Robyn learnt the art from her mother Val Hay, a stay-at-home mum, who - at glamorous luncheons with friends each month - would create a sculpture on top of her head so perfect that it would take her daughter's breath away. Now a world champion hairdresser Robyn still refers to her mum as a master of hair and her biggest inspiration.
"What they did back then with hair was incredible," Robyn says. "I was a hairdressing champion but I got it all from my mother. If she'd been a competitor against me I'd have come second. She was naturally talented and she did it without all the modern cons. What she could do with hair was nothing short of a miracle and all executed with finger curls."
As a young girl Robyn was firm in her vocational choice. After completing her intermediary at Smith's Hill High School she knocked back a scholarship with the Australian Ballet Company and what could have been a promising art career for a life of upsweeps and curls.

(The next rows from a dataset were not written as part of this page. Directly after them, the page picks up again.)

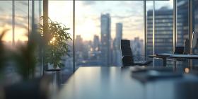 Dawns Reflection: A Modern Office Bathed in the Warm Glow of Sunrise, with a Skyline View Through Expansive Windows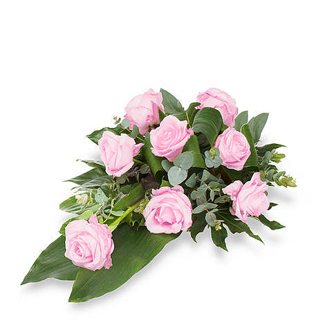 Designed with Large headed Pink Avalanche Roses and a selection of mixed seasonal greenery.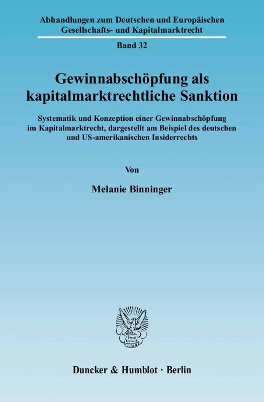 Mehr Regulierung für den Kapitalmarkt? Melanie Binninger beschäftigt sich mit der Frage, ob eine Gewinnabschöpfung eine sinnvolle Ergänzung des kapitalmarktrechtlichen Sanktionensystems darstellt. Andere Rechtsgebiete wie das Wettbewerbs- und Kartellrecht, das Strafrecht, das allgemeine Zivilrecht sowie das US-amerikanische Kapitalmarktrecht enthalten bereits dahingehende Regelungen. Erfahrungen mit diesen Normen sollen Aufschluss darüber geben, ob und wie eine Gewinnabschöpfung im Kapitalmarktrecht sinnvoll konzipiert werden kann. Insbesondere bei Insiderhandel und Verstößen gegen die Meldepflichten bei Directors' Dealings ( 14, 15a WpHG) könnten so rechtswidrig erzielte Gewinne abgeschöpft werden. Untersucht wird, wer den Gewinn geltend machen kann, an wen der Gewinn auszukehren ist und wie der Gewinn berechnet werden kann.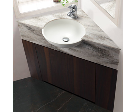 コーナーのデッドスペースを有効活用できる三角形のコーリアン®製カウンターです。玄関や廊下におすすめです。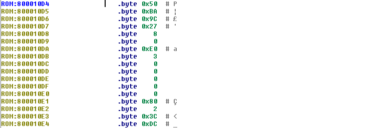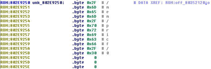 随着完成对代码的处理,我们将注意力转向字符串。没有像ELF文件中的符号,我们不得不依赖字符串的引用来提供对于固件中的事件的理解。但是仍然有一些ascii字节的数组没有被IDA转换成字符串:

It was still very much a man's industry. Few females in the mid-1960s were hairdressers, but the explosion of the inflated bouffant changed that. Before she'd even begun her apprenticeship Robyn was an expert at spinning hair into incredible shapes for her family and friends.
Her first foray into a professional salon did not end well and she left with the owner's condescending words ringing in her ears: "A nice, clean, little girl but she'll never make a hairdresser."
That was the wrong thing to say to a teenager with fire in her belly and a pair of scissors in her hand.
"I guess I had the last laugh in the end," she says. "At the time I couldn't get enough of hair and nothing could have changed my mind."
After a series of jobs in the first two years Robyn, with the financial backing of her father, set up her own salon, hiring hairdressers to guide her through the rest of her apprenticeship.
She would go on to compete nationally and in 1974 became the only woman in Australia's first-ever international hairdressing team. She was 26. They travelled to Vienna for the group event and then on to Paris for the individual challenge.
It was an honour for the girl from Wollongong but one that was marred by sadness with the death of her father.
"He died a few days before the world championships and they waited to tell me so there wasn't enough time for me to fly home for the funeral," she says. "We were in Vienna for the team challenge and they cancelled rehearsals for the day so we could go to the Black Forest, which sounds dark but it was actually quite beautiful. It gave me time to pull myself together before the competition."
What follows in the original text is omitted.